Among the entries that follow, locate the line with "Fattorini Gabriele, faentino." and the line with "(单层加厚慕斯羊绒)【特价】深灰 冬款 男中童52009". Output those lines and all lines in between, exactly, minus the pictures.
──────────
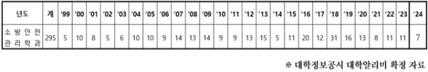 실제 충남도립대학교 소방안전관리학과는 1998년 개교 이후 1999년 5명을 시작으로 매년 10명 내외의 소방공무원을 배출했다.
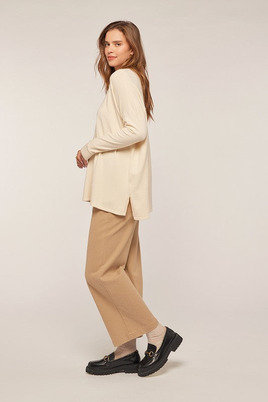 Long sleeve Drop shoulder Side slit Soft touch Relax fit
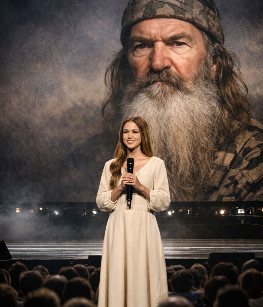 She did not rush. She did not raise her voice. She stood still — long enough for the silence to settle — and then she spoke of her grandfather, Phil Robertson.
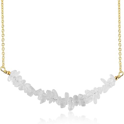 Clear Quartz Chip Bar Necklace Gold Plated April Birthstone
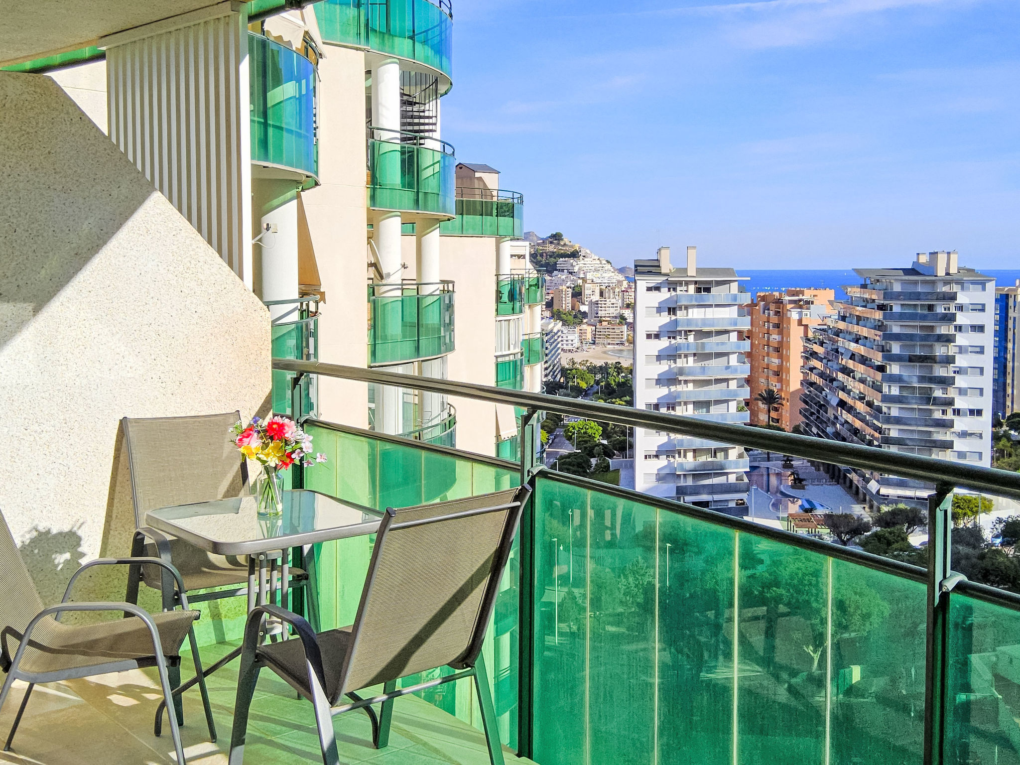 Cala de Villajoyosa: Modernes, schönes Appartementhaus "Vila Park", auf 10 Stockwerken. Am Ortsrand, 4 km vom Zentrum von Benidorm, sonnige Lage am Hang, 750 m vom Meer, 750 m vom Strand. Zur Mitbenutzung: Grundstück (eingezäunt) mit Rasen und Pflanzen, Schwimmbad (saisonale Verfügbarkeit: 01.Apr.-30.Okt.). Kinderbecken, Aussendusche, Grill. Im Hause: Fahrstuhl. Parkplatz Nr. 92 (überdacht). Supermarkt, Restaurant, Bar 600 m, Bushaltestelle "Benidorm" 700 m. Nahe gelegene Sehenswürdigkeiten: Terra Mitia 8 km, Terra Natura 9 km, Aqualandia 13 km, Mundomar 13 m, Alicante 41 m, Aeropuerto Alicante 53 m. Bitte beachten: Babyausstattung auf Anfrage.
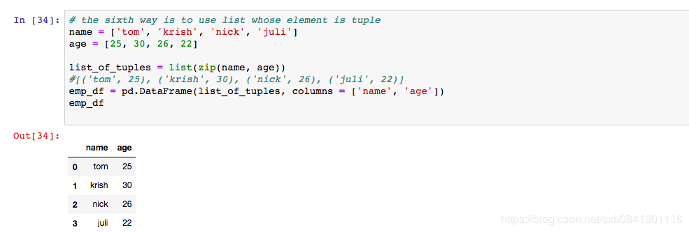 笔者在学习pandas,在学习过程中总结了一下创建dataframe的方法,通过查阅资料总结遗下几种方法,如果你有其他的方法欢迎留言补充。
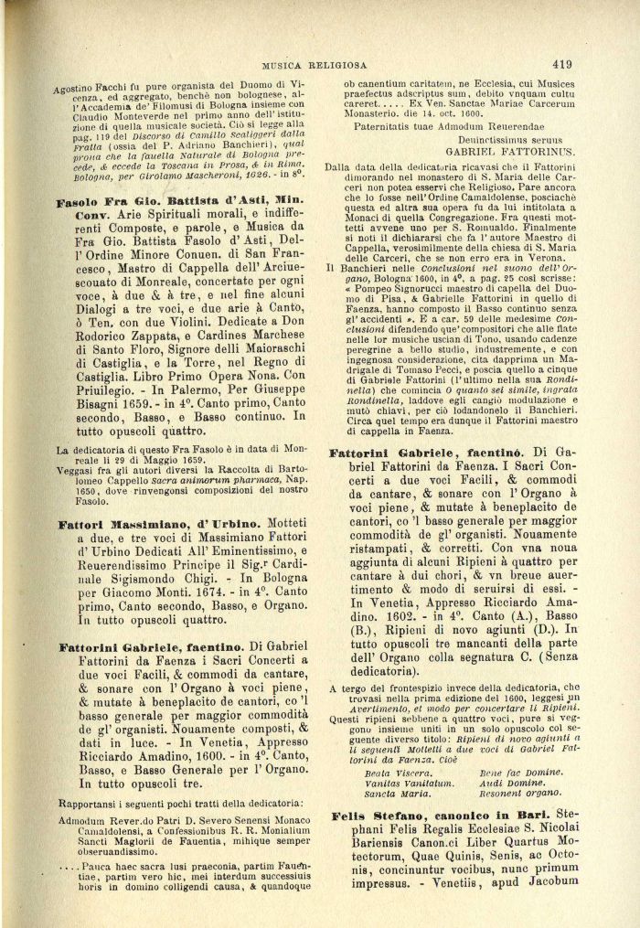 Fattorini Gabriele, faentino. Di Gabriel Fattorini da Faenza. I Sacri Concerti a due voci Facili, & commodi da cantare, & sonare con l'Organo à voci piene, & mutate à beneplacito de cantori, co '1 basso generale per maggior commodità de gì' organisti. Nouamente ristampati, & corretti. Con vna noua aggiunta di alcuni Ripieni à quattro per cantare à dui chori, & vn breue auer-timento & modo di seruirsi di essi. -In Venetia, Appresso Ricciardo Amadino. 1602. - in 4°. Canto (A.), Basso (B.), Ripieni di novo agiunti (D.). In tutto opuscoli tre mancanti della parte dell' Organo colla segnatura C. (Senza dedicatoria).
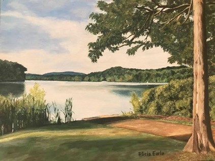 Reflecting ~ Alicia Earle ~ Acrylic ~ 11×14 ~ NFS/$65 prints ~ I chose to paint Putnam Lake for its natural beauty. It’s the town I’ve lived in my entire life. This view is by the boathouse at the south end near the dam. It is a popular fishing spot too. The location is serene, peaceful, and quiet: a nice place to reflect. Click here to buy.
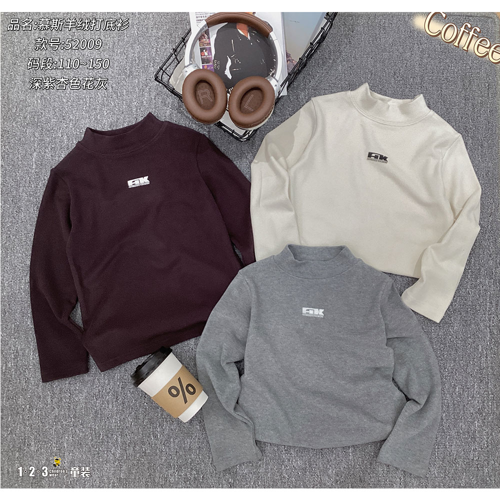 (单层加厚慕斯羊绒)【特价】深灰 冬款 男中童52009 QWDD时尚厚打底衫123童装连锁
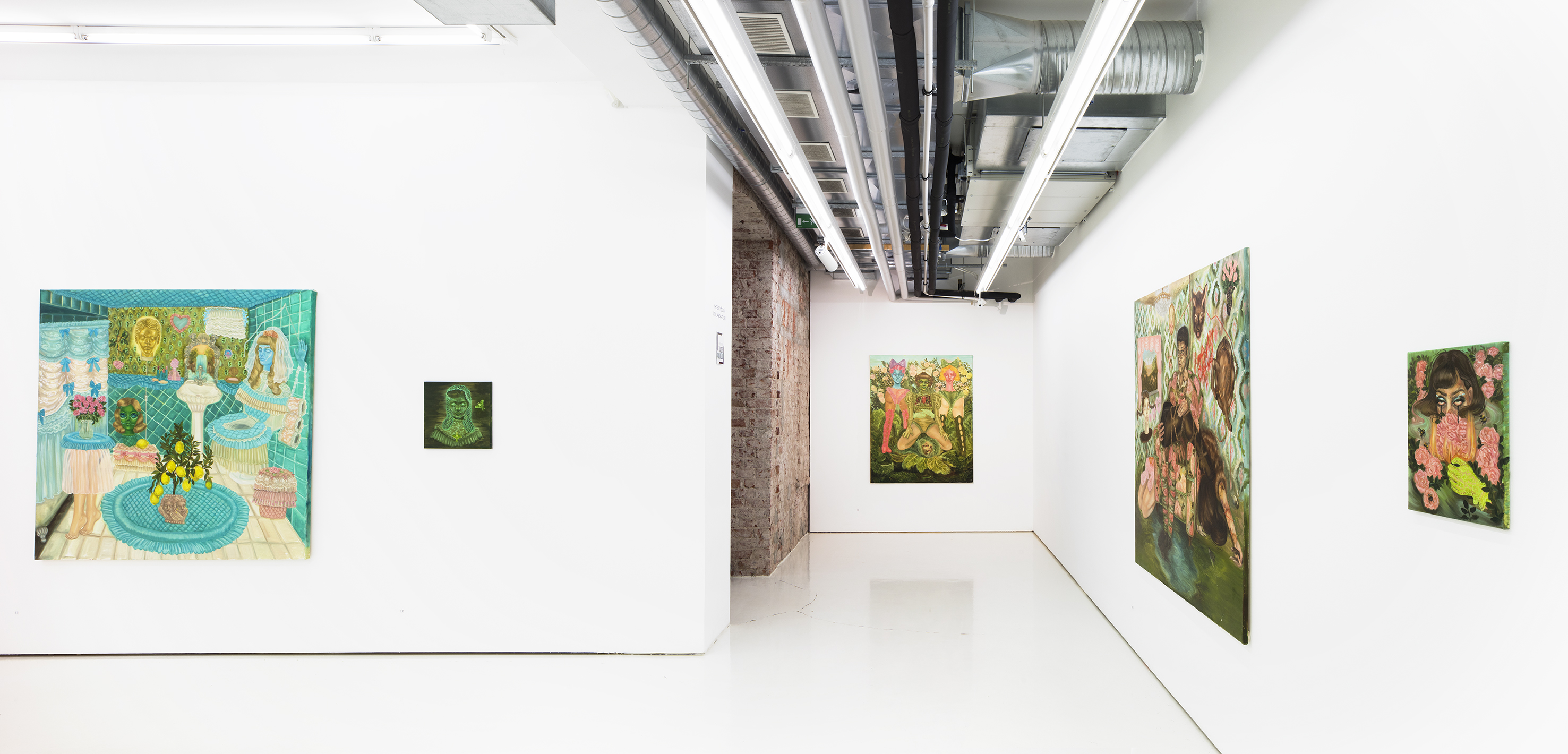 Ainala is known for her prolific, detailed works that explore mythologies and a variety of spaces, both physical and digital – some even imagined. The inner worlds of these new works are governed by their own rules. Mingled together in them can be the everyday, the sublime, and multiple other levels, unquestioned, as in a dream. The oppressive-looking interiors of the new body of works could be compared to untamed outdoor spaces, to the realms of witches and vampires. In both the walls that close in on us and the verdant exteriors we can make out figures from the realms of fairy tale, like forces of rescue or consolation, stories in which we can immerse ourselves or escape.
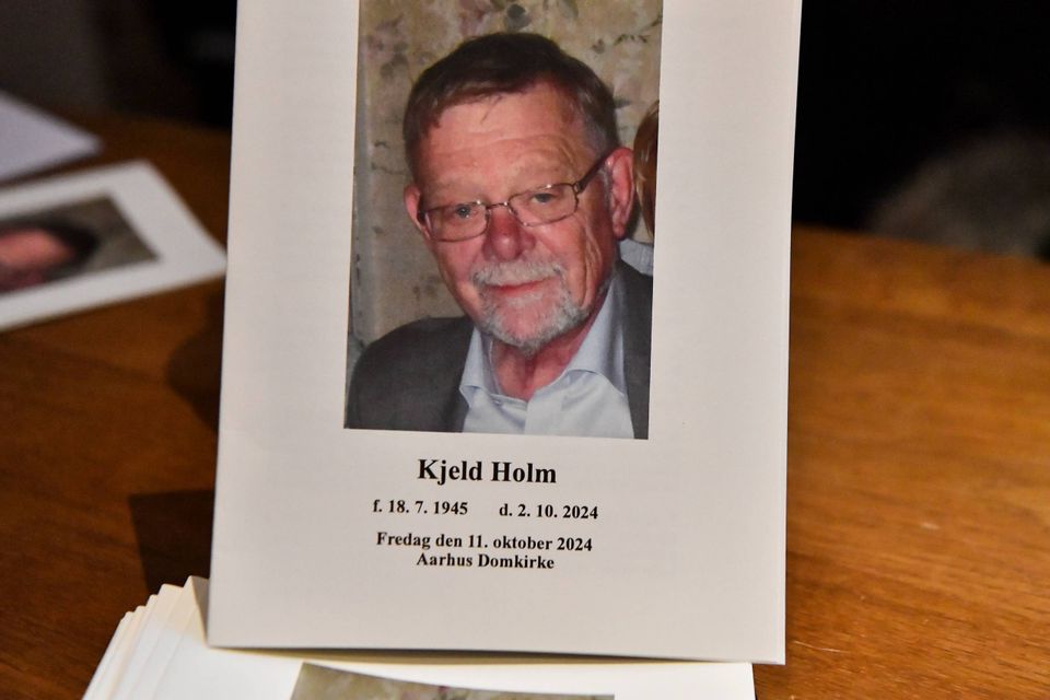 Kjeld Holms datter Nanna Holm holdt en smuk, præcis og humoristiske begravelsestale: »Han fryder sig over en helt fyldt Aarhus Domkirke,« sagde hun.
──────────
-- RESPONSE --
 Fattorini Gabriele, faentino. Di Gabriel Fattorini da Faenza. I Sacri Concerti a due voci Facili, & commodi da cantare, & sonare con l'Organo à voci piene, & mutate à beneplacito de cantori, co '1 basso generale per maggior commodità de gì' organisti. Nouamente ristampati, & corretti. Con vna noua aggiunta di alcuni Ripieni à quattro per cantare à dui chori, & vn breue auer-timento & modo di seruirsi di essi. -In Venetia, Appresso Ricciardo Amadino. 1602. - in 4°. Canto (A.), Basso (B.), Ripieni di novo agiunti (D.). In tutto opuscoli tre mancanti della parte dell' Organo colla segnatura C. (Senza dedicatoria).
 Reflecting ~ Alicia Earle ~ Acrylic ~ 11×14 ~ NFS/$65 prints ~ I chose to paint Putnam Lake for its natural beauty. It’s the town I’ve lived in my entire life. This view is by the boathouse at the south end near the dam. It is a popular fishing spot too. The location is serene, peaceful, and quiet: a nice place to reflect. Click here to buy.
 (单层加厚慕斯羊绒)【特价】深灰 冬款 男中童52009 QWDD时尚厚打底衫123童装连锁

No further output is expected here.